Read the documentation at:
https://tradingbot.readthedocs.io
You can build it locally with:
pipenv run sphinx-build -nWT -b html doc doc/_build/html
The generated html files will be in doc/_build/html
.
Automate¶
NOTE: TradingBot monitors the market opening hours and suspend the trading when the market is closed. Generally you should NOT need a cron job!
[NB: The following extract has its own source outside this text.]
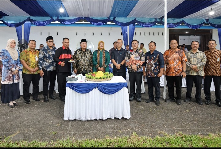 Acara diisi dengan pemotongan nasi tumpeng dan penyerahan cenderamata kepada pegawai yang purnabakti. ( JS ).
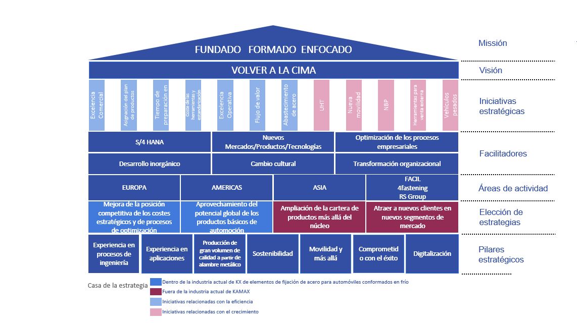En KAMAX hay cuatro ‘Strategic Directions’: Innovation, Sales, Efficiency und People (Innovación, Ventas, Eficiencia y Personas). Las acciones que se asignan a la estrategia y, por tanto, al objetivo ,Back to the Top', deben clasificarse en una de estas ‘Strategic Directions’.

You can set up the crontab job to run and kill TradinBot at specific times. The only configuration required is to edit the crontab file adding the preferred schedule:
crontab -e
As an example this will start TradingBot at 8:00 in the morning and will stop it at 16:35 in the afternoon, every week day (Mon to Fri):
00 08 * * 1-5 /opt/TradingBot/src/TradingBot.py
35 16 * * 1-5 kill -9 $(ps | grep "/opt/TradingBot/src/TradingBot.py" | grep -v grep | awk '{ print $1 }')
NOTE: Remember to set the correct timezone in your machine!
Docker¶
You can run TradingBot in a Docker container (https://docs.docker.com/). First you need to build the Docker image used by TradingBot:
./docker_run.sh build
Once the image is built you can install TradingBot and then run it in a Docker container:
./docker_run.sh start
The container will be called dkr_trading_bot
and the logs will still be stored in the configured folder in the host machine. By default $HOME/.TradingBot/log
.
Check the Dockerfile
and the docker_run.sh
for more details
To stop the TradingBot container:
docker kill dkr_trading_bot
If you need to start a bash shell into a running container
docker exec -it dkr_trading_bot bash
Contributing¶
Any contribution or suggestion is welcome, please follow the suggested workflow.
Pull Requests¶
To add a new feature or to resolve a bug, create a feature branch from the
develop
branch.
Commit your changes and if possible add unit/integration test cases.
Eventually push your branch and create a Pull Request against develop
.
If you instead find problems or you have ideas and suggestions for future improvements, please open an Issue. Thanks for the support!